Publication information
- Publisher: DC Comics
- First appearance: The Adventures of Bob Hope #95 (October–November 1965)
- Created by: Arnold Drake (writer) Bob Oksner (artist)

In-story information
- Alter ego: Tadwallader Jutefruce
- Abilities: Flight Shapeshifting Superhuman strength Wields a guitar that can control minds

= Super-Hip =

Super-Hip (Tadwallader Jutefruce) is a fictional character that appeared in comic books published by DC Comics. He first appeared in The Adventures of Bob Hope #95 (October–November 1965), in a story written by Arnold Drake and drawn by Bob Oksner.

==Publication history==
Super-Hip appeared regularly in The Adventures of Bob Hope from issue #95 until issue #107, where he only appears in the last two panels, and #109. He does not appear in #108.

Super-Hip's sole non-Bob Hope appearance in the Silver Age was in Doom Patrol vol. 1, #104 (June 1966), as a guest at the wedding of Elasti-Girl and Mento. The story was scripted by Arnold Drake.

In the modern era, Super-Hip makes a brief appearance in Batman: The Brave and the Bold #15 (March 2010).

He appeared in Doom Patrol #20 (March 2011). According to the events of the issue (wherein he grants succor to a recently deported Doom Patrol), he is an old friend of Cliff Steele, a.k.a. Robotman.

==Fictional character biography==
Tadwallader Jutefruce (a spooneristic pun on "fruit juice") is the crew cut and bow tie-clad student at Benedict Arnold High School an educational facility whose "Faculty of Fear" is made up entirely of Universal Horror-style monsters, including principal Dr. Van Pyre, German-accented science teacher Heinrich von Wolfmann, and coach Franklin Stein.
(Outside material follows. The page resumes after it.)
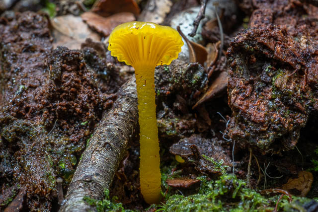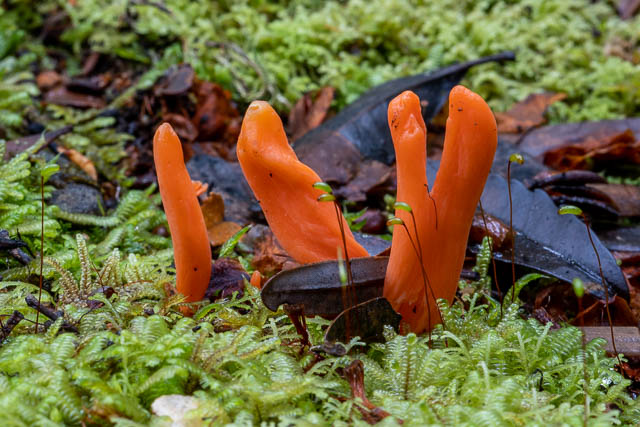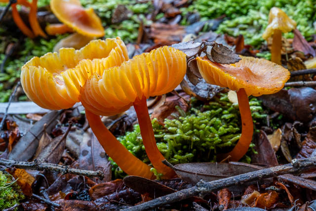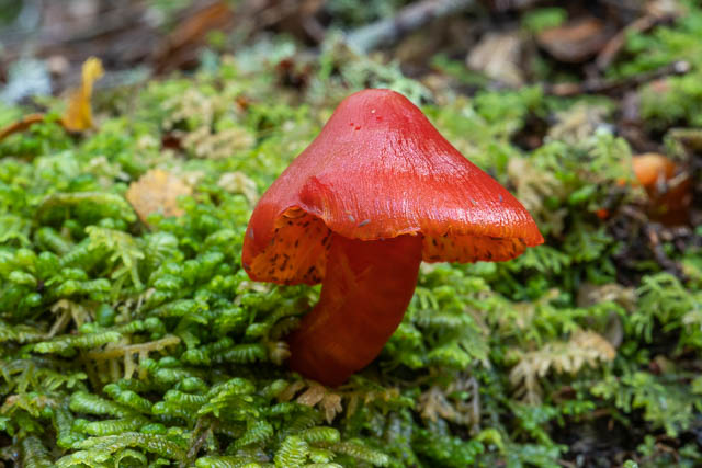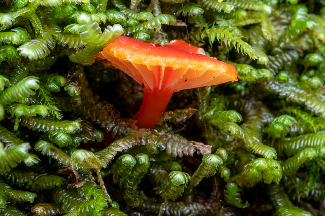 These red waxcaps were growing from the end of a log. This is unusual – waxcaps are supposed to only grow on soil. I did see plenty of others growing on moss covered logs.

Whenever Tad loses his temper (usually at the instigation of a prank by fellow students billionaire biker bully Badger Goldliver and his simple-minded stooge Doltish), he turns green, starts to spin like a tornado, and transforms into Super-Hip.

Super-Hip's outfit resembles a 1960s Carnaby Street Mod, complete with ruffled shirt, velvet jacket, and Chelsea boots with winged ankles that allow him to fly. He also magically acquires an electric guitar which causes whoever hears it to dance uncontrollably whenever he plays rock and roll, and he can change his form into virtually anything, limited only by his imagination.

Tad has no memory of his time as the obnoxious and egotistical "Sultan of Swingers", and the only ones who know of his secret identity are his Uncle Bob and his educated talking dog, Harvard-Harvard.

Super-Hip's battle cry is "Down with/Blech to Lawrence Welk!", as Welk's music has a kryptonite-like effect on him.